>>>

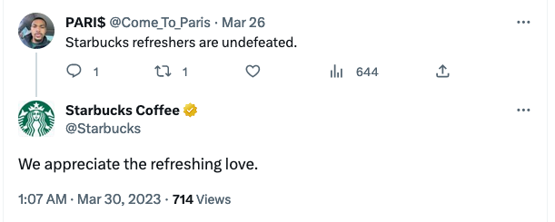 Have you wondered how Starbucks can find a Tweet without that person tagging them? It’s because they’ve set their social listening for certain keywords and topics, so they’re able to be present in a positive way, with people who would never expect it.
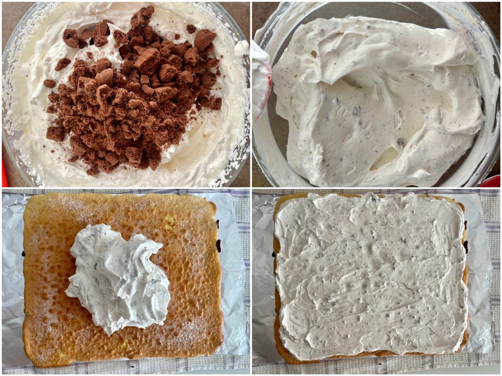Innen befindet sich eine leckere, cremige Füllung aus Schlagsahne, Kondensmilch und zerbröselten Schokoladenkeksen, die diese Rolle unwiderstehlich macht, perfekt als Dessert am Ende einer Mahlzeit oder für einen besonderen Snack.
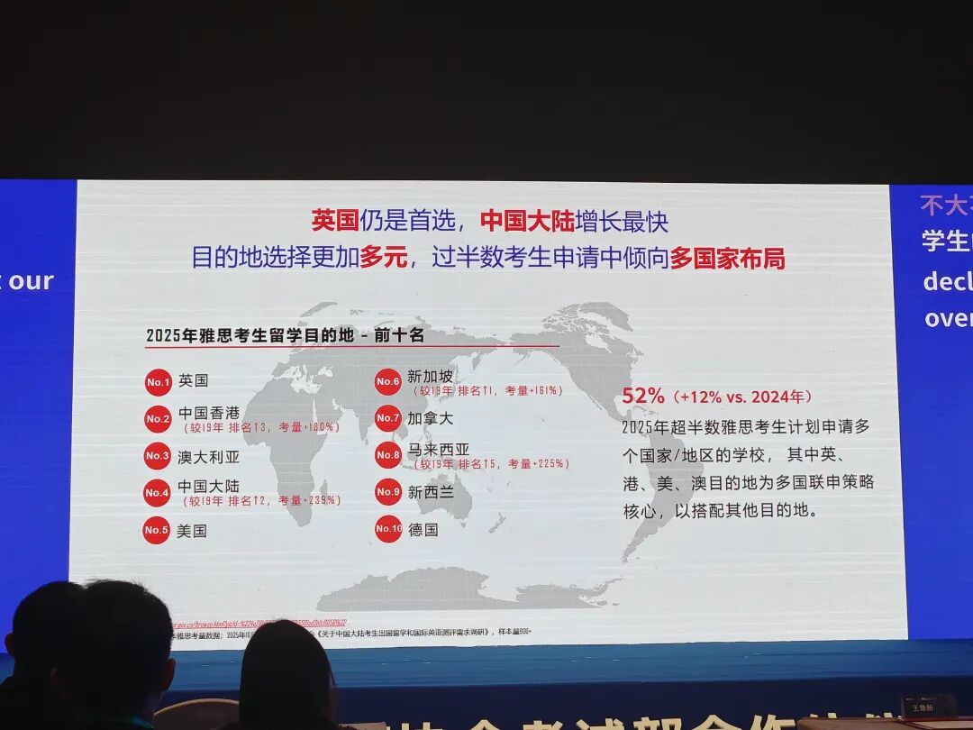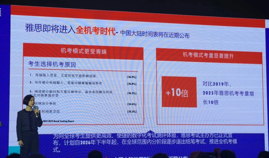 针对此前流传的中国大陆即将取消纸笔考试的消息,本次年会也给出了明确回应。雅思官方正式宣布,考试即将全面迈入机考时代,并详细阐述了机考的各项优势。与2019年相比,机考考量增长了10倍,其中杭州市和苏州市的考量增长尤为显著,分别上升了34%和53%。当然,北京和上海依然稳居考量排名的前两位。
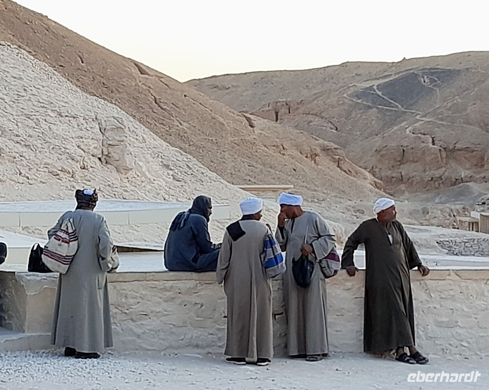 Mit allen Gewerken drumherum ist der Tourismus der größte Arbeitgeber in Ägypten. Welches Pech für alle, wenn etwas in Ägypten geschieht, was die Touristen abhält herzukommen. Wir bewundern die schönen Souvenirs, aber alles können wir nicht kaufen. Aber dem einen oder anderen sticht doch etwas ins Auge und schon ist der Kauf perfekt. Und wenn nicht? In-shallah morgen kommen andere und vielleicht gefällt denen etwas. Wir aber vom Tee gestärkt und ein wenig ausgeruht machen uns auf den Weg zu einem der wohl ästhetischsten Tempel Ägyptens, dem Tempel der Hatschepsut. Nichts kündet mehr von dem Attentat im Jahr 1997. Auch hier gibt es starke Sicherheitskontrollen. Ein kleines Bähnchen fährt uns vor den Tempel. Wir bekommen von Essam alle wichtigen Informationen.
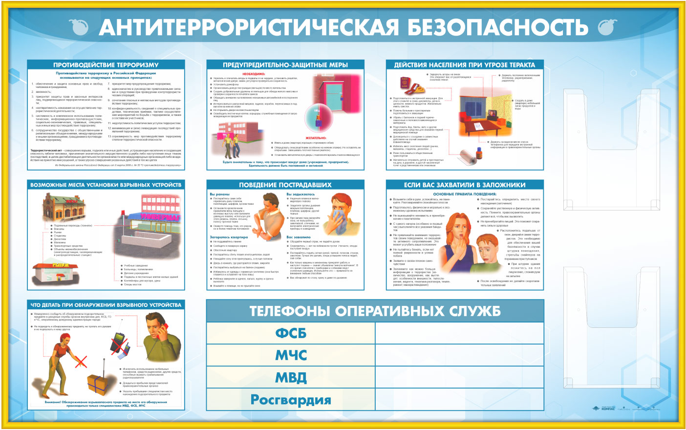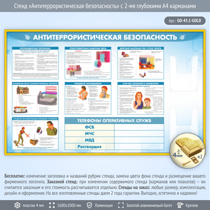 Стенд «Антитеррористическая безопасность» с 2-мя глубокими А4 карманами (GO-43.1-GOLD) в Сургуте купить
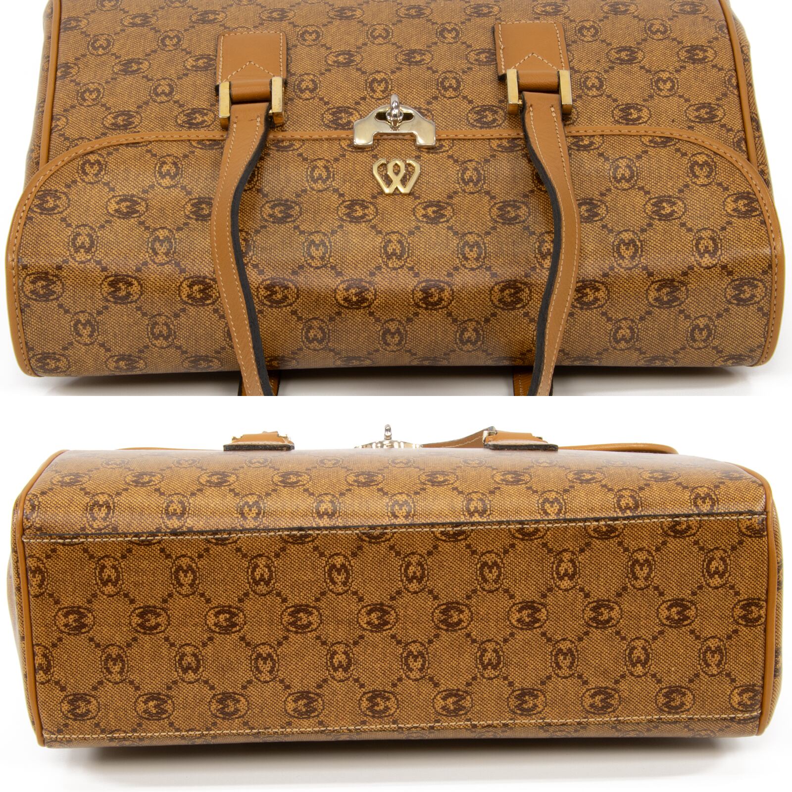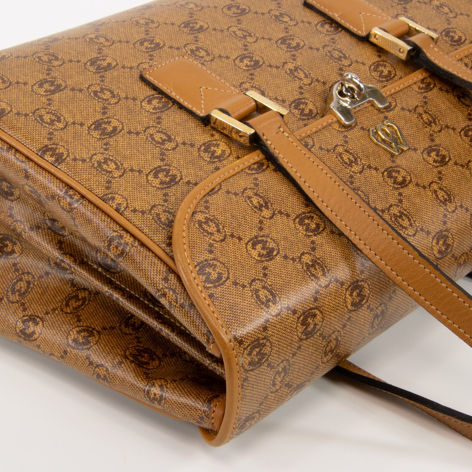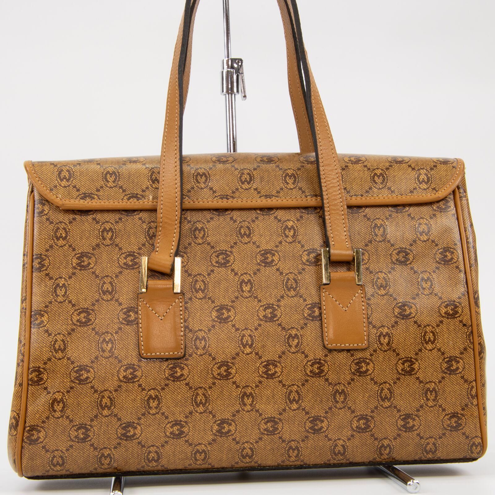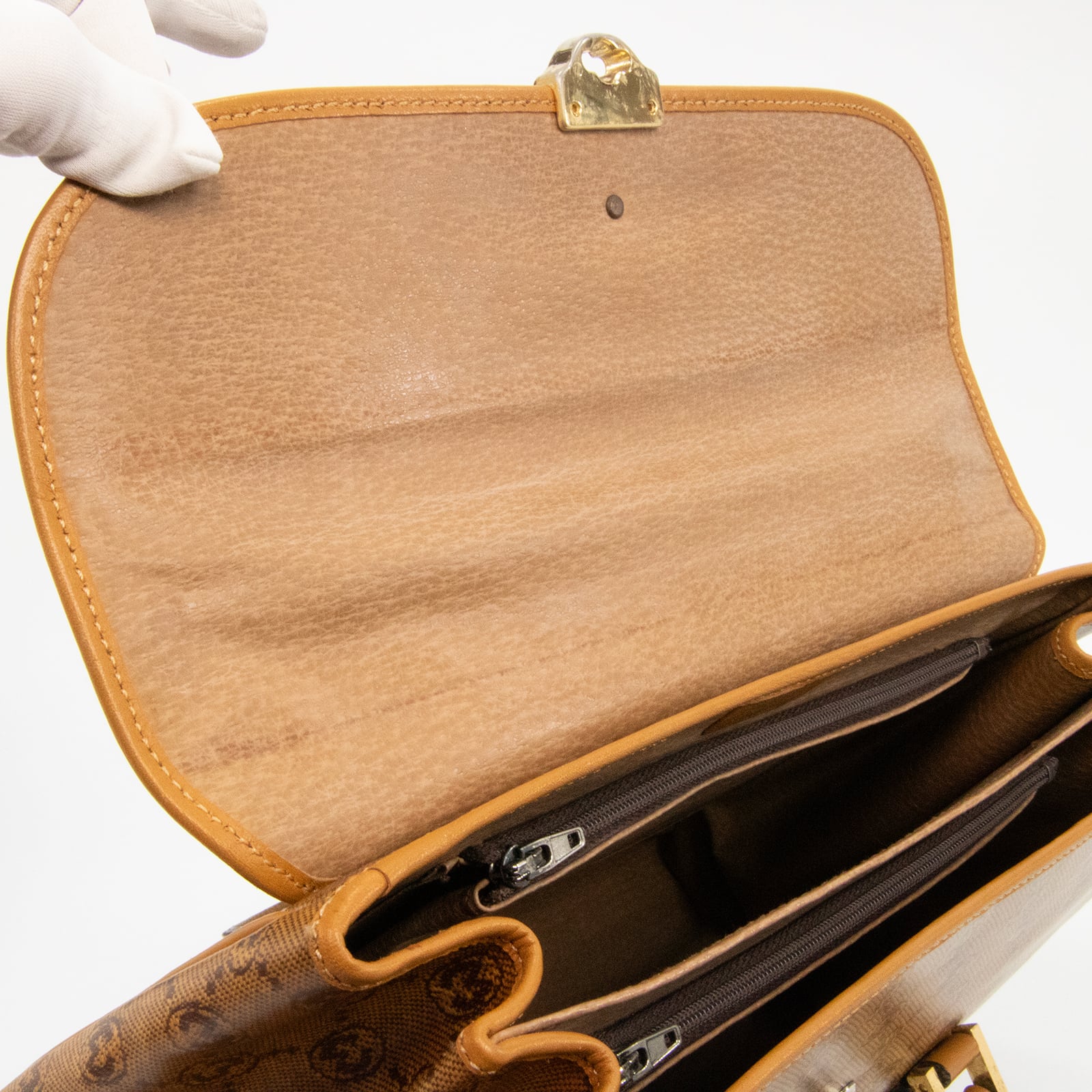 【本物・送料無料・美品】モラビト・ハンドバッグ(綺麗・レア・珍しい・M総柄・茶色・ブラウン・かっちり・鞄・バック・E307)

<<<
>>>

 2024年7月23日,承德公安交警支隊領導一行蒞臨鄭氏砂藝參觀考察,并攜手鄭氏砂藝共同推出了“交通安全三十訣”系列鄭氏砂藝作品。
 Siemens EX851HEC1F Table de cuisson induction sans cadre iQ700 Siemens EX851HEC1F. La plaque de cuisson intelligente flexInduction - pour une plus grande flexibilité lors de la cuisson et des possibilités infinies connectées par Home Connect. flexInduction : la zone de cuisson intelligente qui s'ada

<<<
>>>

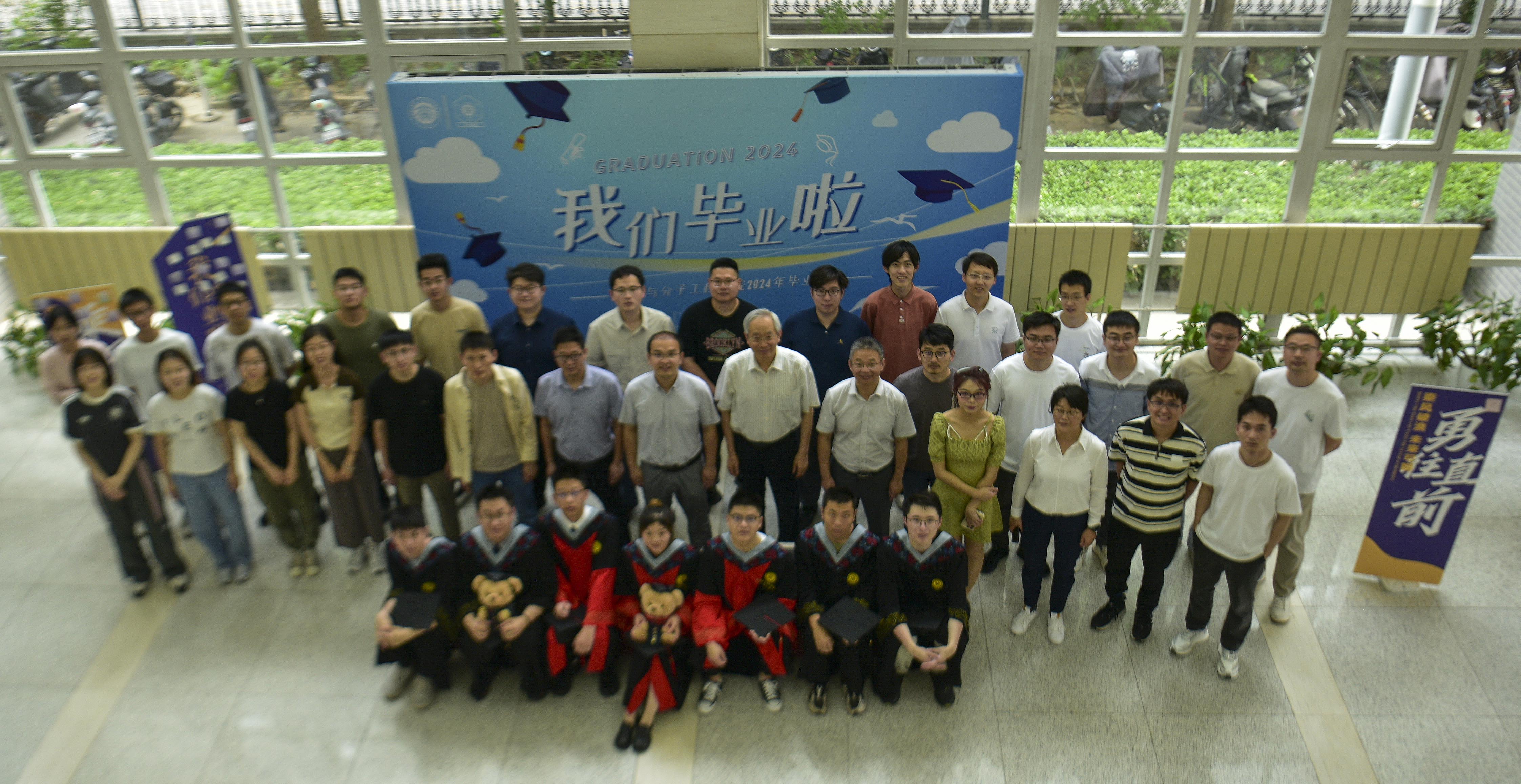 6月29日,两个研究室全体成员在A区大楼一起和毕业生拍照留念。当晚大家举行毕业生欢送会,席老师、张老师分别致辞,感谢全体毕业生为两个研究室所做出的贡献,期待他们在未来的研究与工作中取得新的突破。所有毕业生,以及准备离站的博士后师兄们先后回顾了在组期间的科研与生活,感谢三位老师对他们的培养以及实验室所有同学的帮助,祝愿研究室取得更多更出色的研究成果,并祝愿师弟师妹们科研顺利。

<<<

*Work instruction*: Your answer should consist solely of the lines above from the line with "2024年7月23日,承德公" to the line with "Siemens EX851HEC1F Table", both included, reproduced exactly.

*Written answer*:
 2024年7月23日,承德公安交警支隊領導一行蒞臨鄭氏砂藝參觀考察,并攜手鄭氏砂藝共同推出了“交通安全三十訣”系列鄭氏砂藝作品。
 Siemens EX851HEC1F Table de cuisson induction sans cadre iQ700 Siemens EX851HEC1F. La plaque de cuisson intelligente flexInduction - pour une plus grande flexibilité lors de la cuisson et des possibilités infinies connectées par Home Connect. flexInduction : la zone de cuisson intelligente qui s'ada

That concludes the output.